Breeding Golden Eagles (Aquila chrysaetos) are central-place foragers, with much of their activity centered on their occupied nest (Watson 1997, Kochert et al. 2002). Golden Eagles often select nesting sites based on proximity to suitable hunting terrain (Watson 1997). Land-cover provides food, shelter, and breeding sites for prey and may reflect the amount of potential prey habitat (Ferrer and Donazar 1996, Knick and Dyer 1997, Kochert et al. 1999), potential foraging habitat (Janes 1984, Marzluff et al. 1997), and potential prey availability (Carter and Jones 1999) surrounding nest sites. Land-cover, particularly vegetation structure and canopy, may influence prey availability and foraging success of Golden Eagles and other large raptors (Bechard 1982, Tjernberg 1983, Marzluff et al. 1997, McGrady et al. 1997). Specifically, establishing a breeding season home range in open landscapes may favor detection of prey and potentially enhance hunting success of Golden Eagles (Carrete et al. 2000).

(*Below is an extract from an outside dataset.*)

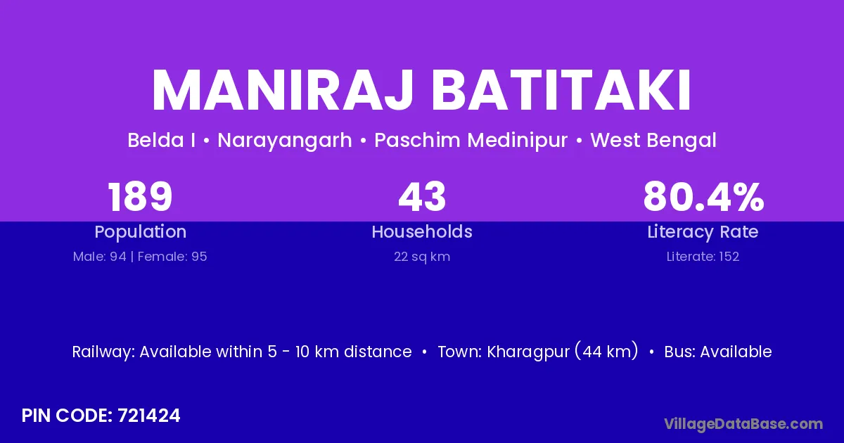 Kharagpur (44 km) is the nearest town to Maniraj Batitaki village for major economic activities and is located approximately 44 km away.

Landscape characteristics of Golden Eagle nesting territories in Alaska are generally limited to qualitative descriptions (Kochert et al. 2002). Few studies have been conducted on this species at the northern latitudes of North America (Watson 1997, Kochert et al. 2002), and no studies have provided quantitative measurements of nesting territory characteristics in this region. The goal of our study was to provide quantitative descriptions of landscape characteristics immediately surrounding nest sites of Golden Eagles in Denali National Park and Preserve (Denali).


Study Area

The 2100-km2 study area, centered at 63°35.8′N, 149°38.2′W, was in the northern foothills of the Alaska Range in northeastern Denali in central Alaska. Elevations in the study area ranged from 427–2590 m; elevations of foothill summits ranged from 607–1372 m. The study area was characterized by steep-sided mountains, large swift-running glacial rivers, broad glacially-carved valleys, and extensive gravel bars. Water, wind, and glaciers shaped the terrain in the study area. The study area contains the highest reported nesting density of Golden Eagles in North America (Kochert et al. 2002). Nests are built exclusively on cliffs and rock outcroppings in the study area.

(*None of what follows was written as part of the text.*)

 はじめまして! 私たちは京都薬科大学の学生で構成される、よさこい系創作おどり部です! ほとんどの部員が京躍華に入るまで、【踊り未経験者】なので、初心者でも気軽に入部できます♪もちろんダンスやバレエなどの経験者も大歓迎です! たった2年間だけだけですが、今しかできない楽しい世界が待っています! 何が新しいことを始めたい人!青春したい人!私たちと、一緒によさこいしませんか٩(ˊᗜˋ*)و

Calculating Nesting Centroids and Territory Cores

We calculated the nesting centroid as the mean latitude and longitude of all known nests within each nesting territory using methodology described by McGrady et al. (1997) and Kochert et al. (1999). We did not know home-range size or shape; therefore, we measured landscape characteristics within a 3000-m radius (or 1/2 the nearest neighbor distance of known nesting territories) surrounding the nesting centroid and refer to that sampling area as the territory core. We acknowledge that this approach does not reflect actual size and shape of home ranges; however, we lacked empirical data to delineate individual Golden Eagle home ranges in Denali. Further, although techniques for predicting home range of Golden Eagles are used in other areas (McLeod et al. 2002), these predictive models were based on empirical data on home-range size in those specific areas and are not directly transferable to Denali.

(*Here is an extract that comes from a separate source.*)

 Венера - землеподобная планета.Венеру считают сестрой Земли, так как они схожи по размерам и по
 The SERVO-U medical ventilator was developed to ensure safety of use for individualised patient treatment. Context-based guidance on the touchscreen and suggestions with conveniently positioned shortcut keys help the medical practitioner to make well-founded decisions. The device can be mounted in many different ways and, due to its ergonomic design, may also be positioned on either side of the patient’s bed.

Creating the Land-cover Map

We created a land-cover map for this project because no high-resolution land-cover map was available. We used the most recent color infrared aerial (CIR) photographs (August 1981; 1∶63 360 scale) and field verification of CIR photographs to develop the land-cover map (Kidd and Stickney 2000) for 36 randomly-selected nesting territories. No large ecological disturbances, such as fire, or any significant change in land-cover occurred in the mapping area between 1981 and 1997 (C. Roland, Plant Ecologist, Denali National Park pers. comm.).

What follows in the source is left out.